What is being asked> Skip every picture, and copy exactly the lines from the one containing "Москва. 18 марта." to the end of the data.

(Stored data entries)
▬▬▬▬▬▬▬▬▬▬
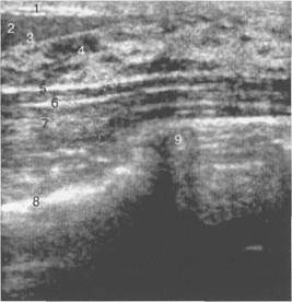 При эхографии оцениваются все Правая молочная железа Левая молочная железа структуры молочной железы: сосок, кожа, премаммарная жировая клетчатка, связки Купера, паренхима железы, млечные протоки, ретромаммарная область, зоны регионарного лимфооттока (рис. 10.17). Кожа на эхограмме представлена ровной гиперэхогенной линией толщиной 1,0—5,0 мм (см. рис. 10.7). У женщин пожилого возраста кожа приобретает трехслойную структуру и визуализируется в виде двух гиперэхогенных линий, разделенных тонкой гипоэхогенной прослойкой. Изменения контуров и толщины кожных покровов сопровождает воспалительные, рубцовые и опухолевые процессы. Сосок на эхограмме визуализируется как округлое, хорошо отграниченное образование средней или низкой эхогенности (рис. 10.18). По бокам от изображения соска могут прослеживаться симметричные акустические тени. Часто за соском определяется сплошная акустическая тень, обусловленная плотными соединительнотканными структурами млечных протоков. В таких случаях использование косых проекций сканирования позволяет получить четкое изображение по-задисосковой области. Подкожная область представлена на эхограмме премаммарной жировой клетчаткой, подкожными лимфатическими сосудами, передним листком расщепленной фасции. Количество жировой клетчатки варьируется в зависимости от возраста женщины и размера молочных желез. У женщин молодого возраста премаммарный слой определяется в виде тонкого гипоэхогенного пласта. По мере увеличения возраста и нарастания процессов инволюции количество подкожной клетчатки увеличивается, структура ее становится неоднородной, с гиперэхогенными линейными включениями соединительной ткани. Подкожные лимфатические сосуды в норме не визуализируются. При воспалительной или опухолевой инфильтрации лимфатические сосуды расширяются и выявляются в виде продольных и поперечных гипоэхогенных трубчатых структур, идущих к коже (рис. 10.19). Рис. 10.17. Ультразвуковая анатомия молочной железы. I — кожа; 2 — премаммарная жировая клетчатка; 3 — передний листок расщепленной фасции; 4 — паренхима (фиброгландулярная ткань); 5 — задний листок расщепленной фасции; 6 — фасция грудной мышцы; 7 — грудная мышца; 8 — плевра; 9 — ребро.
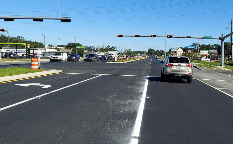 Pictured: The newly paved Highway 29 travel lanes near Hood Drive. Also seen in this photo are the medians, sidewalks, curb and gutter, and signalization upgrades. Photo for NorthEscambia.com, click to enlarge.
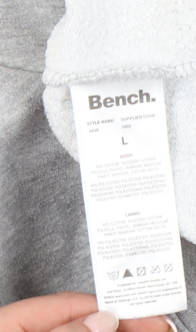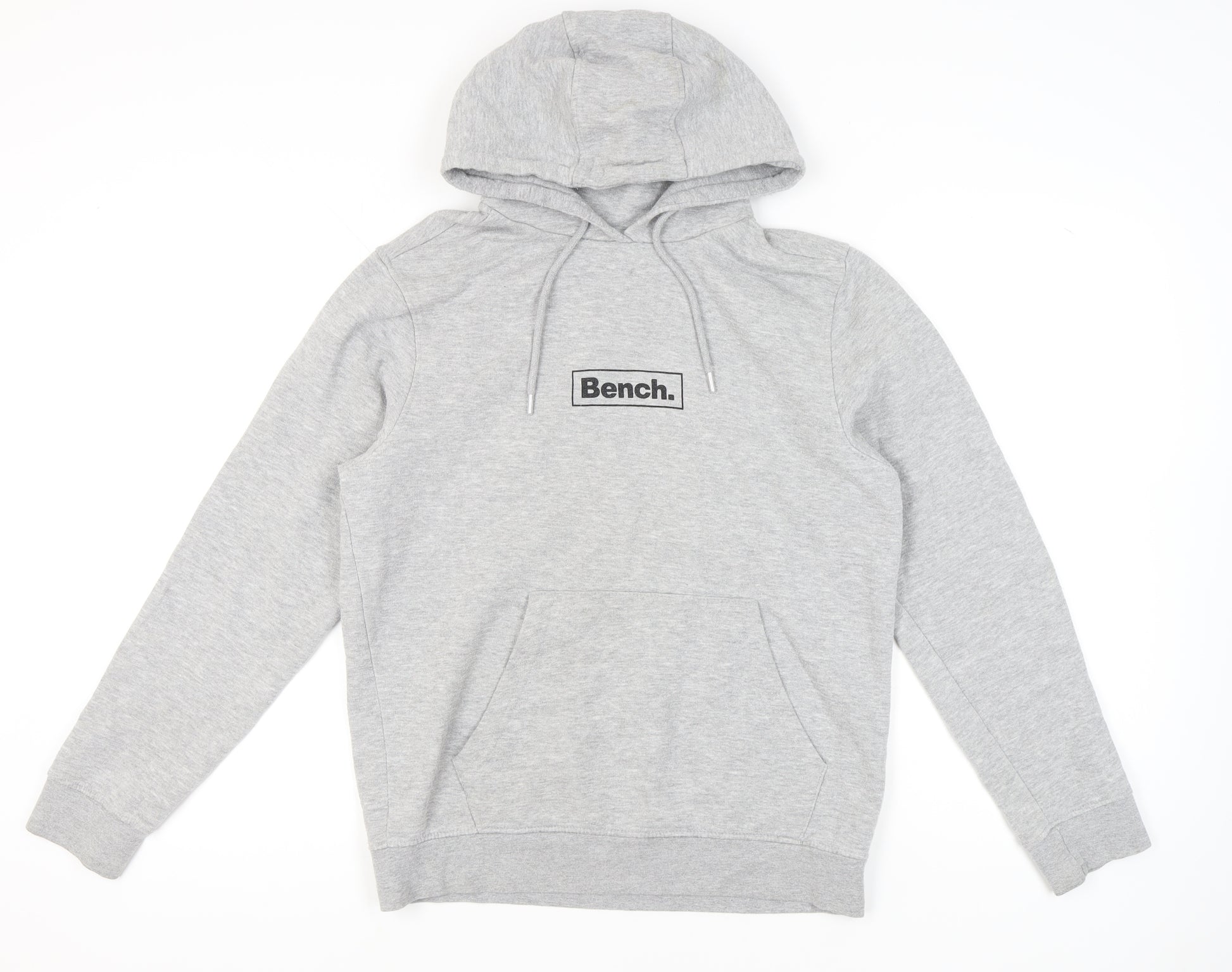 This Bench men’s grey pullover hoodie is the perfect blend of comfort, practicality, and modern streetwear style. Designed in a classic grey tone, the hoodie features a bold Bench logo across the chest, giving it a timeless branded look that appeals to casualwear enthusiasts. Made from a durable and comfortable fabric blend of 60% cotton and 40% polyester, this hoodie offers both softness and resilience, ensuring it stands up well to regular wear while keeping you warm in cooler months.The hoodie has a practical pullover style with long sleeves and a crew neckline, supported by a drawstring hood to provide adjustable protection against the elements. Ideal for layering, it also includes a spacious front kangaroo pocket for added function and casual convenience. Designed with a regular fit, it offers a relaxed silhouette without being oversized, making it a versatile staple suitable for everyday wear.This hoodie works well across multiple seasons – from brisk autumn evenings to chilly winter days, and even spring mornings when an extra layer is welcome. Its fleece fabric type and breathable cotton blend combine to provide comfort while still being durable enough for casual sports, gym sessions, and everyday use. Whether paired with jeans, joggers, or sportswear, it offers a refined yet laid-back look.Though pre-owned, this hoodie remains in very good condition, with only light signs of wear such as slight cracking on the interior label print, but no major defects. For someone seeking a trusted and quality casual hoodie at great value, this Bench pullover is an excellent choice.Perfect for men who appreciate reliable, stylish hoodies with branded detailing, this piece is machine washable, making it easy to care for and maintain. A versatile addition to any wardrobe, this hoodie is ideal for casual outings, training, or simply enjoying at home in comfort.Don’t miss the chance to secure this Bench men’s grey hoodie – a wearable wardrobe essential that balances style, comfort, and practicality.
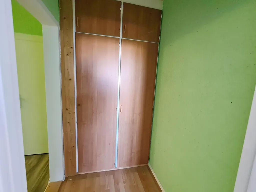 Byt se skládá z prostorné chodby, kuchyně, koupelny s vanou, samostatného WC, obývacího pokoje, průchozí šatny a ložnice. Mimo šatnu jsou všechny místnosti neprůchozí. Orientace je na západ a východ. Na podlahách je laminát, PVC a ker. dlažba v koupelně a WC. V kuchyni je k dispozici kombinovaný sporák. Vytápění a ohřev vody jsou ústřední dálkové. Součástí pronájmu je také sklepní kóje. Parkovat lze na veřejné ulici před domem.
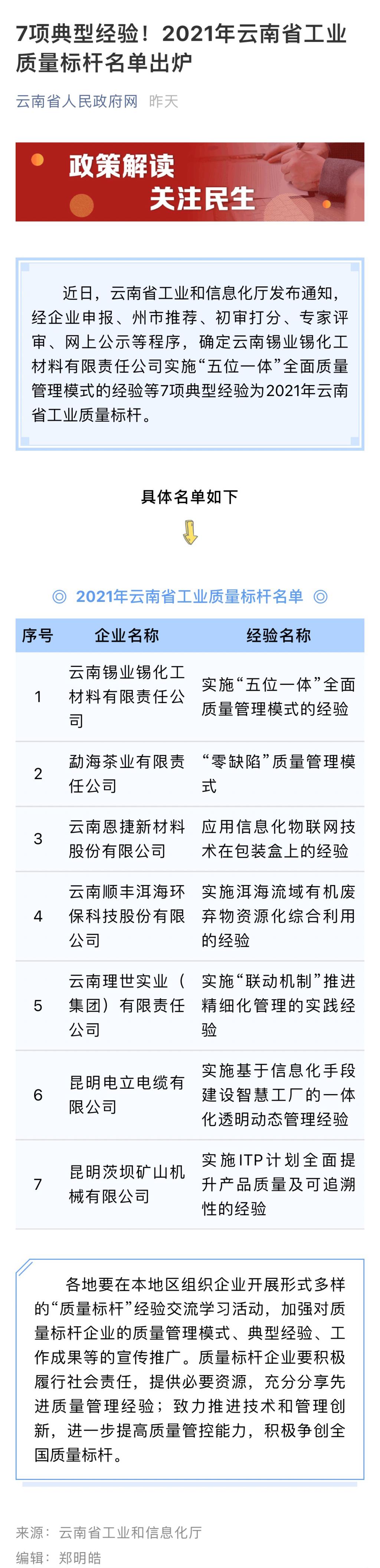 2021年云南省工业质量标杆名单出炉,锡化工上榜列首位!
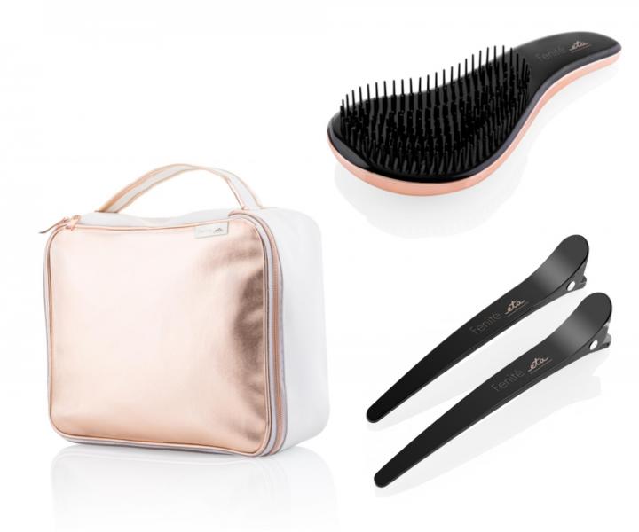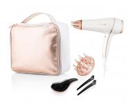 Uchovajte svoj fén a všetko jeho príslušenstvo v bezpečí pred poškodením a odreninami vďaka praktickej cestovnej taške. Taška vo veľmi elegantnom bielom a staroružovom dizajne má jedno hlavné vrecko so zapínaním na zips. Vďaka jej veľkosti 25 x 32 x 8 cm do tašky pohodlne umiestnite všetko potrebné na fénovanie vlasov. Taška je vyrobená z koženkového materiálu.
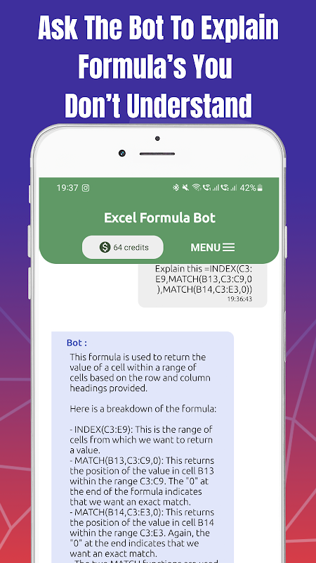La nostra app è alimentata da ChatGPT, un motore di elaborazione del linguaggio naturale all'avanguardia che comprende le tue richieste e genera la formula perfetta per le tue esigenze. Che tu abbia bisogno di calcolare una somma, trovare una media o eseguire complesse analisi dei dati, Excel Formula Bot ti ha coperto.
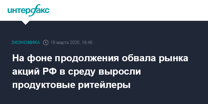 Москва. 18 марта. INTERFAX.RU - Рынок акций РФ в среду продолжил обвальное падение вместе с мировыми площадками и нефтью на фоне бегства инвесторов из рисковых активов в условиях продолжающегося расширения пандемии коронавируса COVID-2019; лидерами отката выступили акции "Аэрофлота", несущего убытки из-за закрытия многих направлений авиарейсов, а фаворитами стали акции продуктовых ритейлеров.
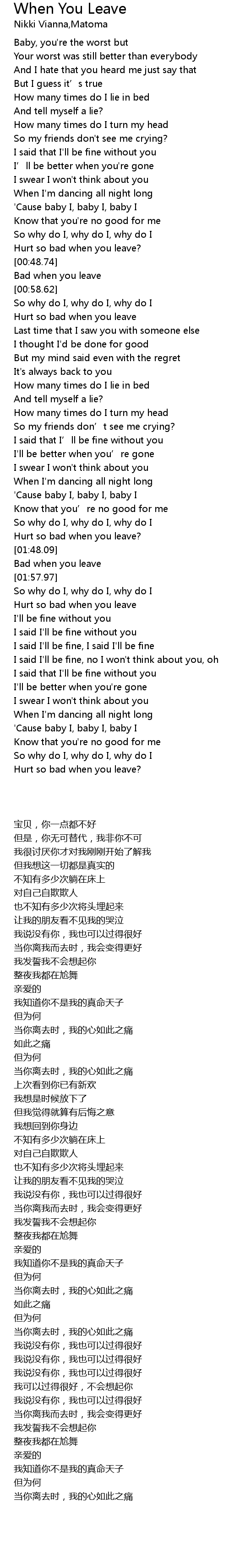 | [00:46.17] | Hurt so bad when you leave? |
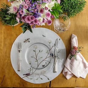 O Lugar Americano Redondo Ricamo Alba valoriza a decoração da mesa com charme e acabamento refinado. Seu design elegante, toque suave e formato redondo criam composições que impressionam.
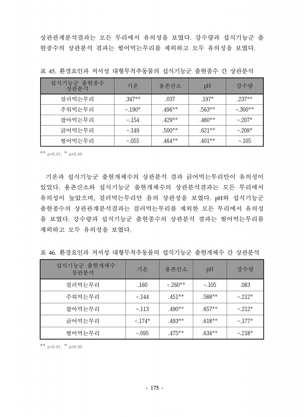 190 종수가 출현하였다. 습지의 특성으로 저서성대형무척추동물 중에서 가장 다양하게 출현하 는 수서곤충의 잠자리목, 딱정벌레목, 노린재목이 우점하는 것으로 나타났다. 하지만 2014 년도에서는 수서딱정벌레의 경우 초식성의 물땡땡이과 종류들이 다양하게 출현한 방면, 2019년에서는 초식성의 물땡땡이류의 다양도는 현저하게 줄어들고 육식성인 물방개류 종 류들의 다양성이 늘어난 것을 볼 수 있었다. 이는 습지내의 인위적인 먹이사슬로 인한 육 식성 생물들이 증가했다는 것을 나타낸다. 또한 습지내 먹이원인 식생들이 수위변화로 인 해 천이과정에서 나타나는 하나의 원인으로 파악된다. 생물군집의 변화는 일반적으로 서식 처의 변화 및 먹이 자원의 변화에 따라 달라진다. 정기적인 모니터링을 통해 군집 변화의 추이를 관찰해야 할...
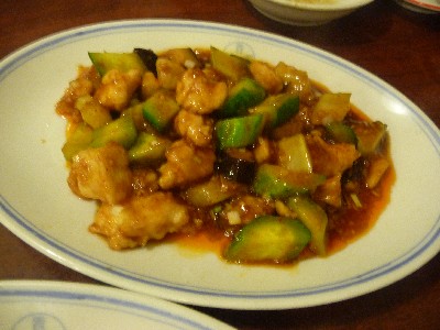 鳥肉とセロリ等の四川辛味炒め
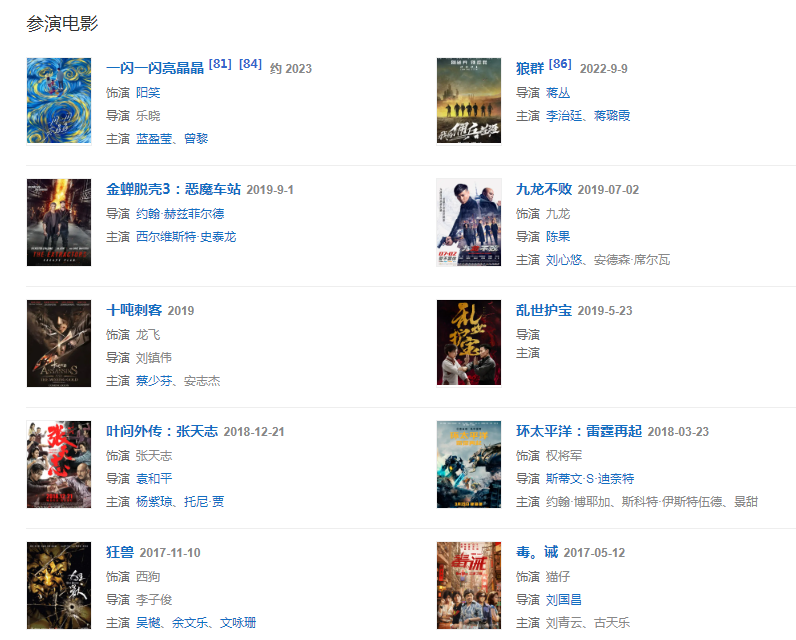 代表作品:殺破狼2、葉問3、一代宗師、澳門風(fēng)云、水月洞天、靈鏡傳奇
▬▬▬▬▬▬▬▬▬▬
Solution to the problem>
 Москва. 18 марта. INTERFAX.RU - Рынок акций РФ в среду продолжил обвальное падение вместе с мировыми площадками и нефтью на фоне бегства инвесторов из рисковых активов в условиях продолжающегося расширения пандемии коронавируса COVID-2019; лидерами отката выступили акции "Аэрофлота", несущего убытки из-за закрытия многих направлений авиарейсов, а фаворитами стали акции продуктовых ритейлеров.
 | [00:46.17] | Hurt so bad when you leave? |
 O Lugar Americano Redondo Ricamo Alba valoriza a decoração da mesa com charme e acabamento refinado. Seu design elegante, toque suave e formato redondo criam composições que impressionam.
 190 종수가 출현하였다. 습지의 특성으로 저서성대형무척추동물 중에서 가장 다양하게 출현하 는 수서곤충의 잠자리목, 딱정벌레목, 노린재목이 우점하는 것으로 나타났다. 하지만 2014 년도에서는 수서딱정벌레의 경우 초식성의 물땡땡이과 종류들이 다양하게 출현한 방면, 2019년에서는 초식성의 물땡땡이류의 다양도는 현저하게 줄어들고 육식성인 물방개류 종 류들의 다양성이 늘어난 것을 볼 수 있었다. 이는 습지내의 인위적인 먹이사슬로 인한 육 식성 생물들이 증가했다는 것을 나타낸다. 또한 습지내 먹이원인 식생들이 수위변화로 인 해 천이과정에서 나타나는 하나의 원인으로 파악된다. 생물군집의 변화는 일반적으로 서식 처의 변화 및 먹이 자원의 변화에 따라 달라진다. 정기적인 모니터링을 통해 군집 변화의 추이를 관찰해야 할...
 鳥肉とセロリ等の四川辛味炒め
 代表作品:殺破狼2、葉問3、一代宗師、澳門風(fēng)云、水月洞天、靈鏡傳奇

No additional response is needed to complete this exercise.